Why, with or without Uber, Vancouver’s taxi industry is doomed

Home of Canada's most expensive cab licences, Vancouver will see its plate prices fall the farthest of all—with or without Uber

December 14, 2015

By Trevor Melanson

The ongoing Uber wars flared up last week in Toronto, where taxi drivers took to the streets in protest by clogging downtown traffic in a display that was perhaps ironic given the day (and night) jobs of the protesters. They directed most of their anger at UberX, the company’s lower-cost option, which many cab drivers say is skirting regulations and killing their industry (and their ability to earn a living in it) in the process. One driver, a self-proclaimed 22-year industry veteran, even ran up to an UberX driver and clung to the mirror as the car drove away. Why are they so desperate? Consider the price of a Toronto licence in 2012 vs. 2014. Over those two years, the estimated value of a taxi plate in that city dropped from $360,000 to less than $100,000. Much of that had to do with Toronto changing the way cab licences worked, but Uber, not surprisingly, has received the bulk of the blame.

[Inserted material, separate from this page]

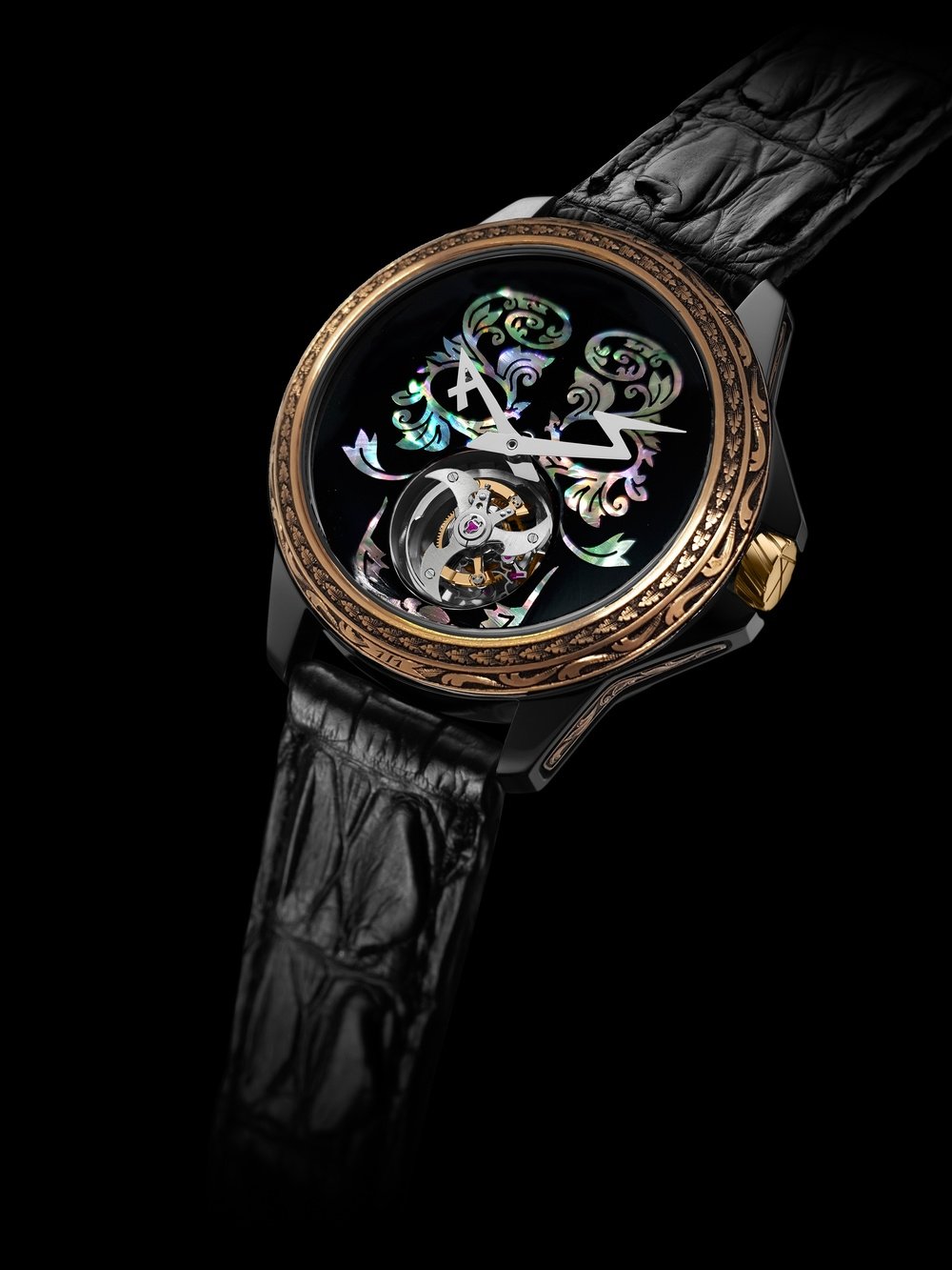 ArtyA is proud to present an exceptional masterpiece entirely hand made from the case (designed by Yvan Arpa and engraved by Bram Ramon) to the dial, (hand crafted in mother-of-pearl in the purest Ott-Chill’s thousand-year-old tradition) and the movement, ArtyA’s own manufacture tourbillon. This exceptional work of art is a real tribute to the highest combined savoir-faire of “métiers d’art” and refined complicated movement. The result is a totally outstanding, fascinating and never seen before Artwork. One more surprise from ArtyA where creativity, avant-garde concept, and innovation is set at a level never reached before. This one-of-a-kind creation is powered by a mechanical movement exclusive to ArtyA, while revealing the fascinating rotations of its flying tourbillon at 6 o’clock.

Vancouver doesn’t have Uber yet, though that could change. While the service remains banned, the city is looking for a solution it believes palatable for every player involved, particularly cab companies. A Vancouver taxi licence went for $800,000 in 2014, a price that’s now dropping because of the mere threat of Uber according to the Vancouver Taxi Association’s Carolyn Bauer. Yes, $800,000, a price tag far beyond anything ever seen in Toronto. It’s nearly what they’re worth in New York, in fact, and substantially higher than any other city in Canada. Over-regulation has led to too few cabs on the road, but it’s also why the value of a taxi licence in this city has so far to fall. And make no mistake—it will fall.

That’s because while Uber may be in some minds public enemy number one, the company is just the most visible manifestation of impending and unstoppable change that is buffeting the industry. There are other reasons, after all, why the value of Vancouver’s taxi licences might be in decline. Car2Go, a taxi alternative, doubled its fleet size this past summer, while BCAA’s version, Evo, launched months earlier. And while self-driving cars might still be a decade or so away from replacing human-driven taxis, the threat they present to the industry’s business model—and Uber’s, too, for that matter—is clear and inescapable. According to Peter Nowak, a Toronto-based technology journalist who’s written about the way automation will change how people work in his book Humans 3.0, “the protests over Uber are small potatoes compared to what’s coming next. Self-driving cars are going to inevitably change absolutely everything about driving,” he says. “If taxi drivers think UberX drivers are eating away at their livelihood, they haven’t seen anything yet.”

The writing, in other words, is on the wall. When that happens, and when an industry is viewed as having a clearly limited shelf life, the value assigned to those who are still in it begins to plummet. This is Business 101. It’s happening with fossil fuels. It happened with once-great companies like Eastman Kodak and Xerox. And it’s happening with the taxi industry. As for Vancouver, home of Canada’s costliest cab licences—well, just ask Icarus how rough the landing was.